Removal of Pauline Hanson's One Nation from the list of ultranationalist Parties[edit]

Unless I am heavily biased (which honestly, I probably am, and I would like someone to point it out) Pauline Hanson's One Nation is either Populist, Nationalist or Conservative, probably a mix of the 3. She is not near an Ultranationalist nor the party and just has unpopular views at best. 119.18.1.236 (talk) 07:07, 16 August 2023 (UTC)[reply]
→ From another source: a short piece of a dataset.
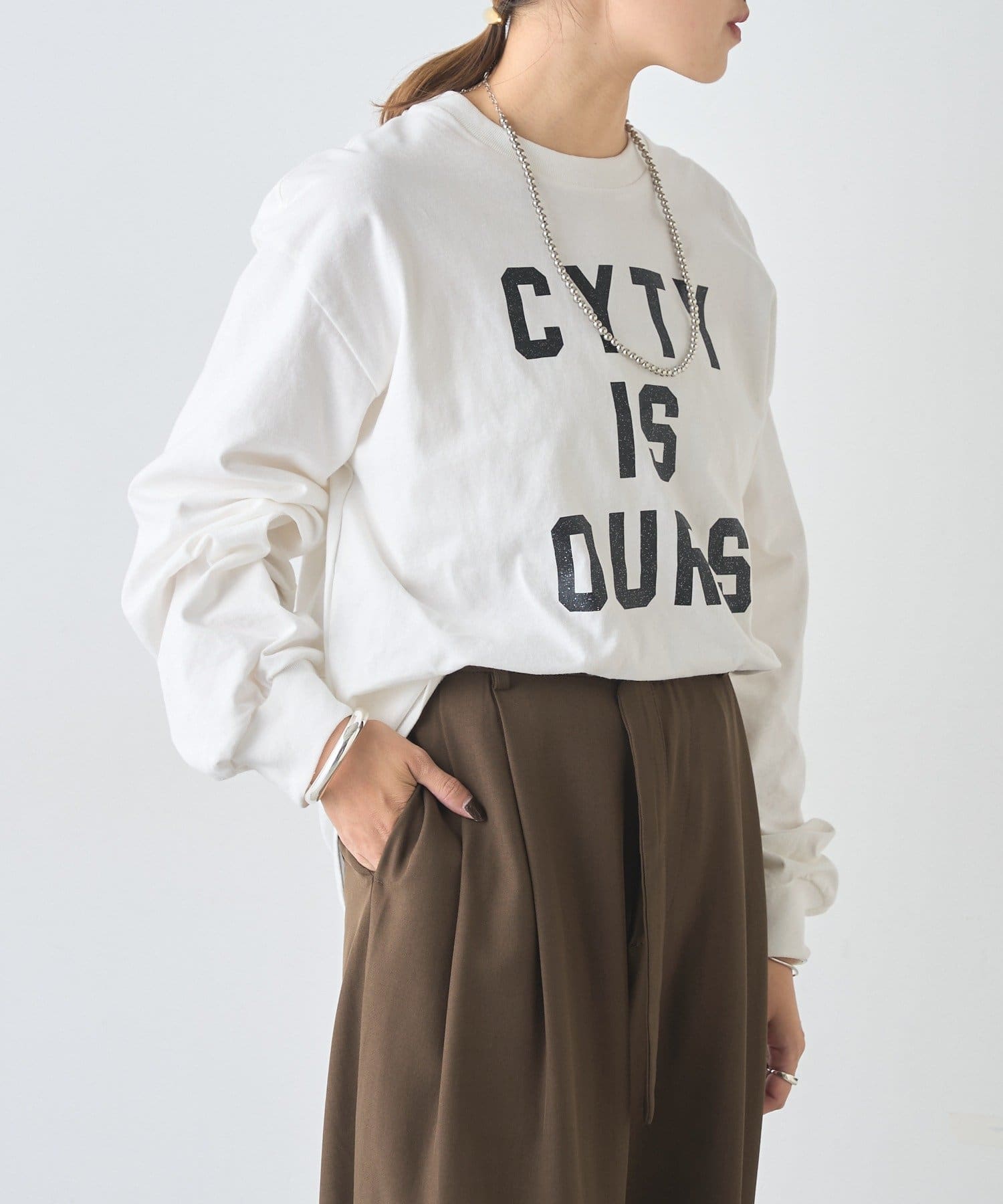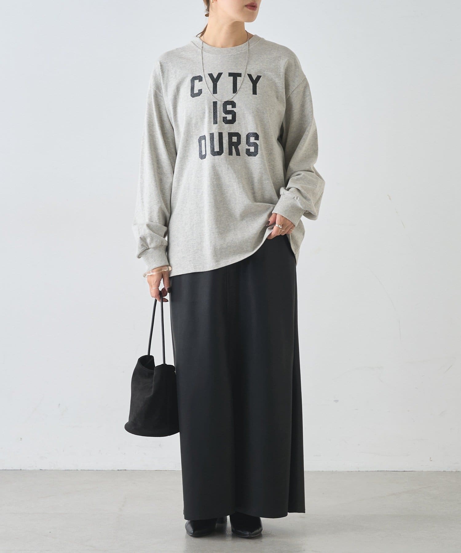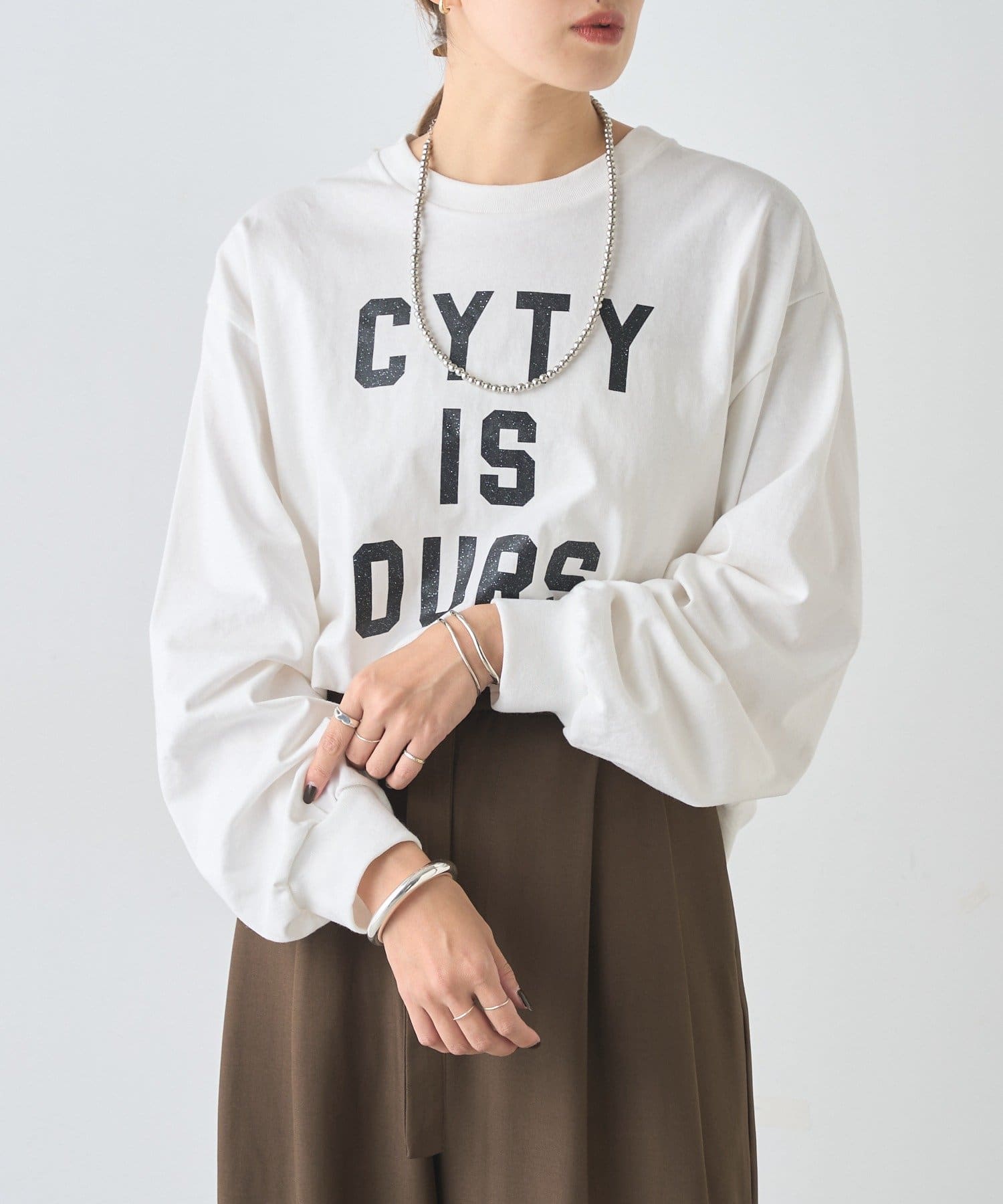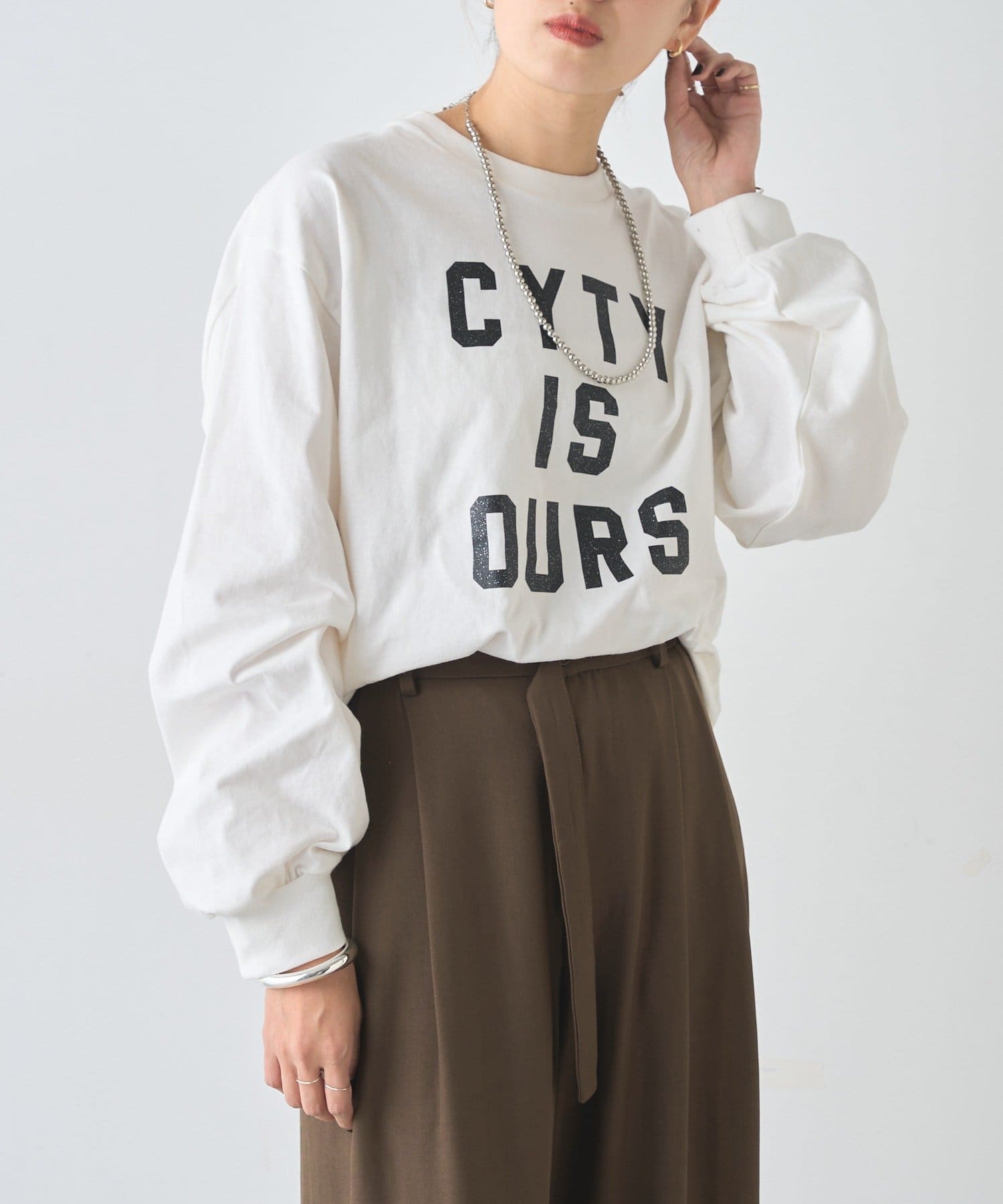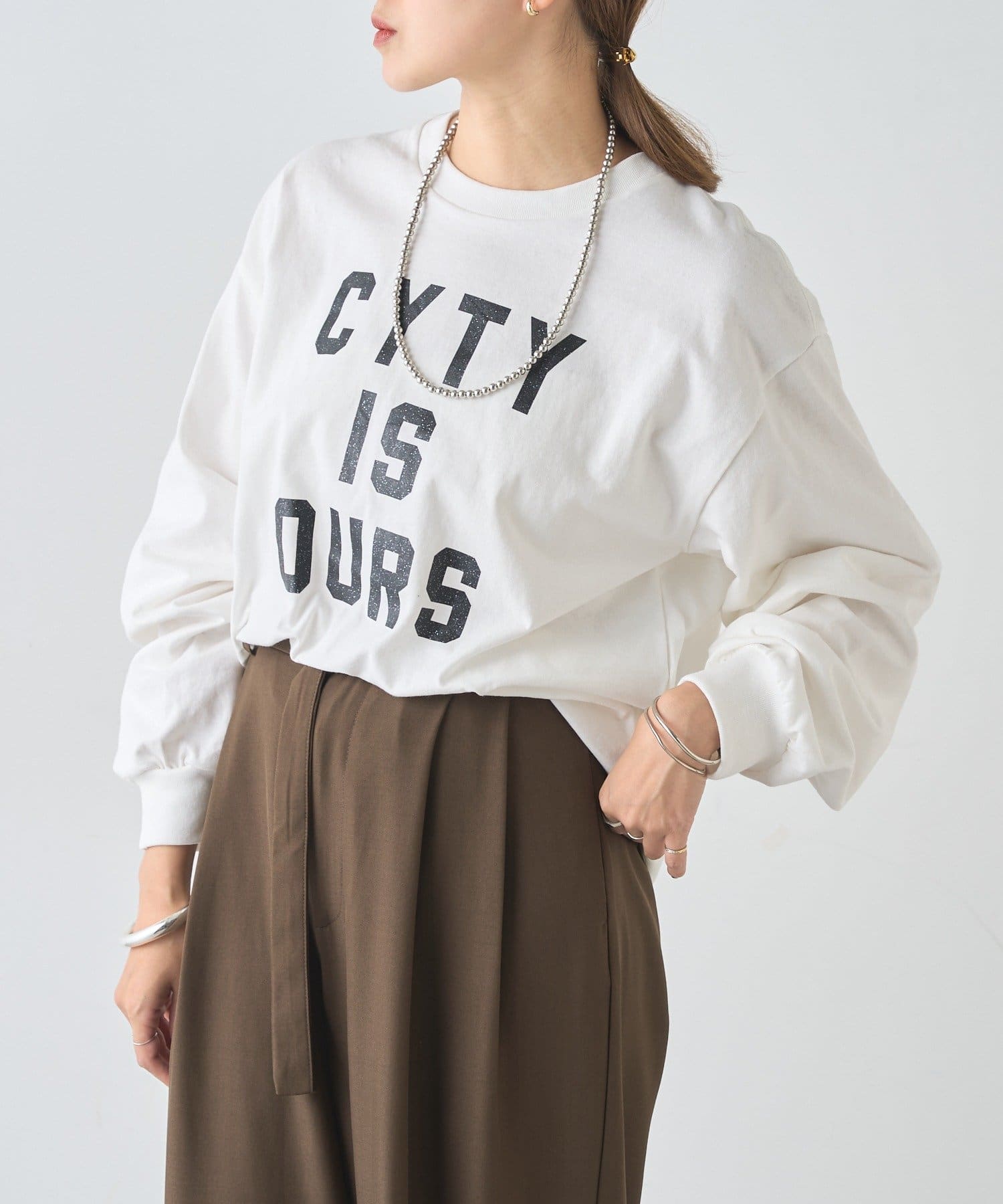 ロゴがアクセントになり、1枚ではもちろんインナー使いもおすすめ◎

Pauline Hanson's nationalism is ideologically indistinguishable from every other nationalists "make nation great again by blaming foreigners" rhetoric.
https://wikipedia.org/wiki/Fascism is a form of far-right, authoritarian ultranationalism.
Particularly notable expressions of https://wikipedia.org/wiki/Neo-nationalism include the vote for Brexit in the 2016 United Kingdom European Union membership referendum and the 2016 election of Donald Trump as the President of the United States. Several neo-nationalist politicians have come to power or run strongly during the 2010s, including Marine Le Pen in France, and Jair Bolsonaro in Brazil.
"Nationalism is an infantile disease. It is the measles of mankind." - Albert Einstein, 1929-10-26, https://www.saturdayeveningpost.com/wp-content/uploads/satevepost/what_life_means_to_einstein.pdf
"I am against any nationalism, even in the guise of mere patriotism." David Howden (talk) 15:18, 30 August 2023 (UTC)[reply]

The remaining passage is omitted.